His Lordship excepted, all are now sitting and waiting for me in the parsonage-garden; but the garden itself not a mortal soul is yet acquainted with. It is a Chrestomathy[[76]] of all gardens, and yet no larger than the church. Many gardens resemble it in being at once kitchen-gardens, flower-gardens, and orchards; but it is also a jardin des animaux, as it contains in fact the whole Fauna of St. Luna, and a botanical garden, too; it is overgrown with the entire Flora of the village; and it is a garden of honey-bees and humble-bees also, as often as they happen to fly into it. Meanwhile such minor merits are really hardly worth naming, when a garden once has, like this, the merit of being the greatest English garden through which a man ever strode. It hides not only its end,—as every park, like every purse, must do,—but even its beginning, and seems to be merely the terrace from which one can see into that which one cannot see over, but, like Cook, may well circumnavigate. In the English parsonage-garden there are not single ruins, but whole broken-up cities, and the greatest princes have rivalled each other in their passion for furnishing it with romantic wildernesses and battle-fields and gallows-trees, to which (and that carries the illusion still higher) real rogues are tied, into the bargain, as fruit-pendants. The buildings and shrubs of different parts of the world are there, not huddled together into an absurd neighborhood, but neatly kept apart from each other by regular seas or water-scapes, which its size easily makes possible, since it contains over nine million square miles; and with what taste, in fact, these masses are brought together, the reader may estimate from the fact that all lords and all reviewers in the literary periodicals, and the readers themselves, are drawn into the garden and often stay therein sixty years.—
The Parson thinks also to get some credit from it as a Dutch garden, particularly by a peruke made of water, which hangs not on a wig-stand, but on a tin pipe, and which leaps so in curls that already several city-parsons have wished they could wear it. Butterfly-show-glasses kept off the night-chills from precocious roses of silk and early cucumbers of wax. Cucumbers which consisted of real cucumbers, he was the first among all pastors to put in, in order to worry himself with the fear that they might freeze; for this fear he must have, in order to rejoice whenever a glass bottle was broken in his house: he could then carry this ice- or glass-mountain (which, in the case of wines, unfortunately heightens every year as our thirst does) into the garden, and with this manure-bell cover the heart-leaves.

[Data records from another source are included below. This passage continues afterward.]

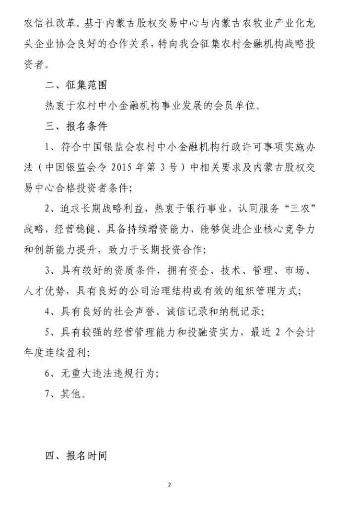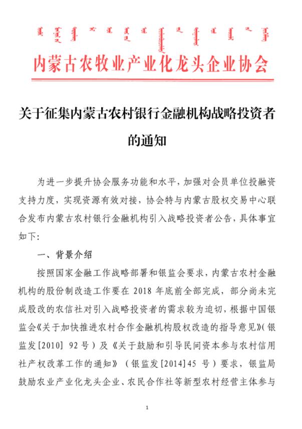 關(guān)于征集內(nèi)蒙古農(nóng)村銀行金融機(jī)構(gòu)戰(zhàn)略投資者的通知
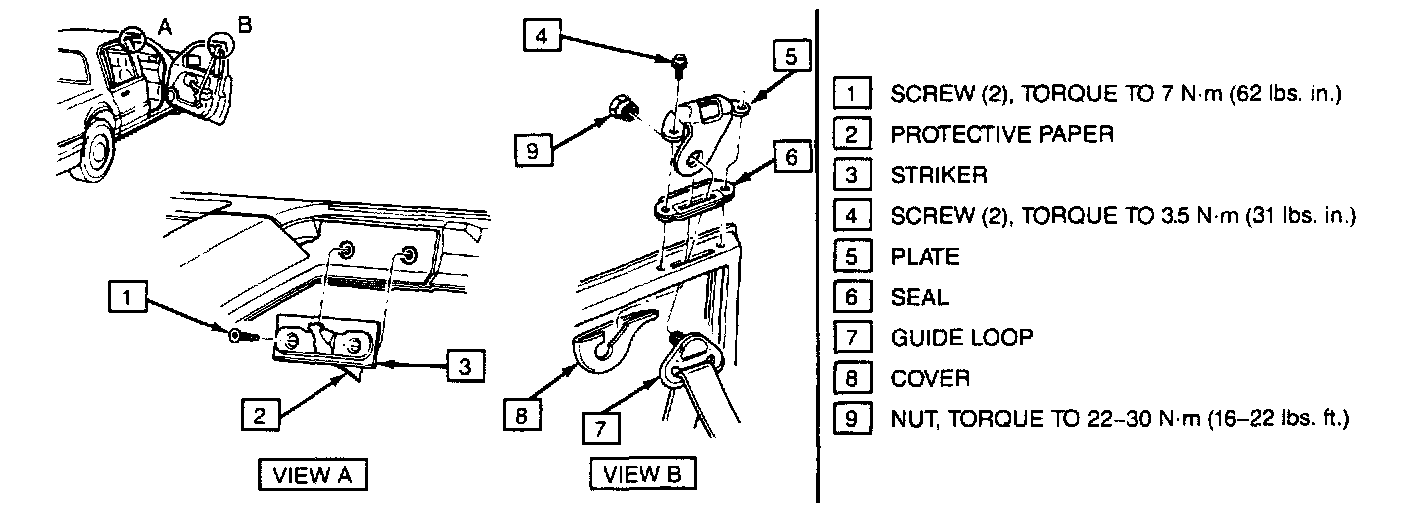 CAUTION: The striker and plate make the door interlock with the roof rail in a crash. If someone were to remove them. the door couldn't interlock with the roof rail in a crash and might spring open. People inside could be thrown out of the car much more easily with the door open. Be sure you never remove the striker or the plate when you're doing repair work around them.
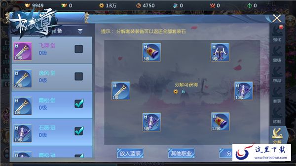 5、装备分解:替换下来的装备,如果没用的话可以进行装备分解,装备分解会返还强化所用的金币、经验等材料哦
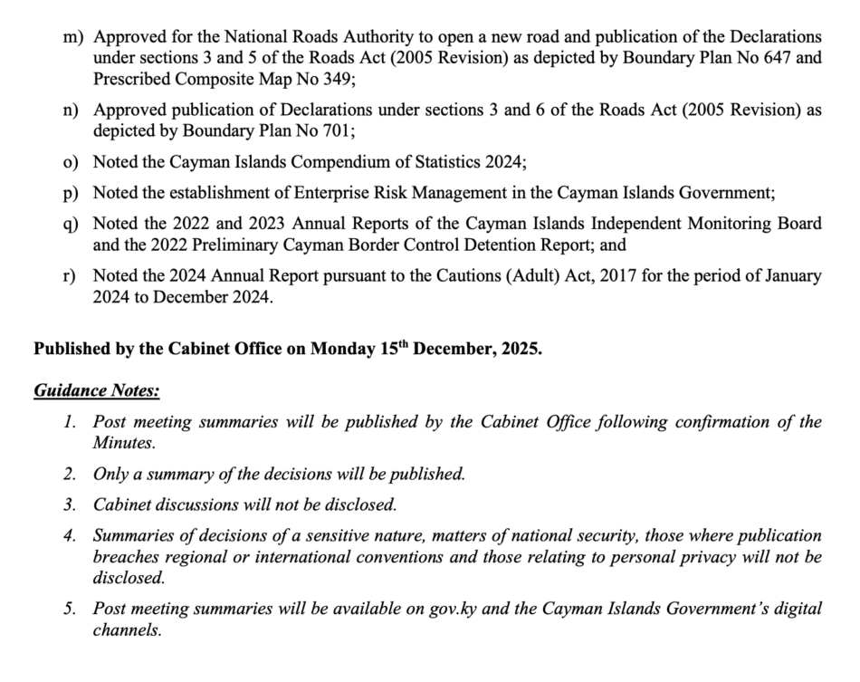 HomepageCaribbean NewsCayman: Cabinet Post Meeting Summary 3 December 2025 Cayman: Cabinet Post Meeting Summary 3 December 2025 Posted on December 15, 2025 Inbox LEAVE A RESPONSE Cancel replyYour email address will not be published. Required fields are marked *Comment * Name * Email * Website Post navigation Previous PostCayman: Summary of Parliamentary Proceedings: 12 December 2025 Next PostEvents and athlete quota for Dolomiti Valtellina 2028 announced
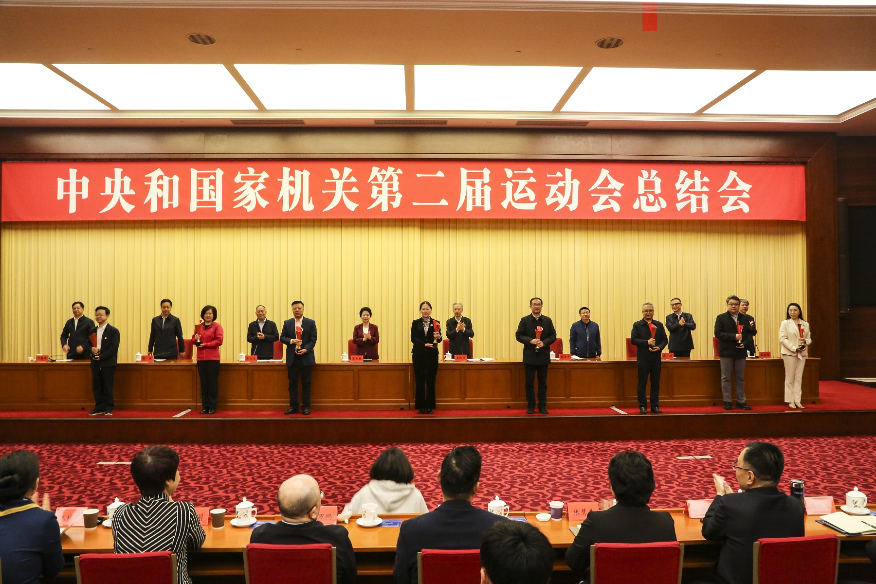 據悉,本屆運動會共設立球類、田徑、游泳、棋牌、大眾體育、拓展挑戰、趣味運動等7大類20個比賽項目,今年4月開始,歷時半年,中央和國家機關2萬多名干部職工參加比賽。交通運輸部、中央廣電總臺、教育部、中央辦公廳、公安部、中國科學院、應急管理部、國務院國資委等8個運動隊代表團獲得甲組團體總分前八名,國家統計局、司法部、中國科協、中國外文局、海關總署、中國貿促會、全國人大常委會機關、住房城鄉建設部等8個部門獲得乙組團體總分前八名,國務院辦公廳、退役軍人事務部、中央和國家機關工委、國家信訪局、國家醫保局、宋慶齡基金會、中國僑聯、中央臺辦等8個部門獲得丙組團體總分前八名。中央辦公廳等56個部門獲得優秀組織獎。中央紀委國家監委機關等53個部門獲得精神文明獎。全國婦聯機關黨委、公安部直屬機關黨委、中央廣電總臺機關黨委等3個單位獲得特殊貢獻獎。會議為有關單位頒獎。

Round more important beds he ran a motley, mosaic border of crockery; his family was his verge-tool,—I mean, they had to break for him the few porcelain cups which he needed, in order with this motley powdered sugar to set off the more considerable patches, as a prince enchases and berings himself with the variegated order-ribbons drawn through the button-holes of his antechambers. As he could not set whole cups round the beds, but must first analyze them by his chemists, a reviewer who eats with him must avail himself of my hint to understand how it happens, if such a consumptive patient is not beside himself for rage, when some very valuable vessel is broken; for only when it happens to worthless ones is he no longer master of himself. Every housewife should set off such a bed as an Arndt's garden of Paradise, as a Golgotha for porcelain whereof the fashion is changed, for the good of her soul, in order that she may not lose her senses when a cup falls. "Dearest!" I would say, "bear up under this misfortune like a Christian woman; it, will turn out for thy advantage either in eternity yonder, or here in the garden."
Near a house, Dutch garden-ornaments, with their homely minuteness, make a better figure than thrilling Nature, with her eternal majesty. Eymann's clipped and carved parsonage-garden was in fact merely a continued family-room without roof or partition.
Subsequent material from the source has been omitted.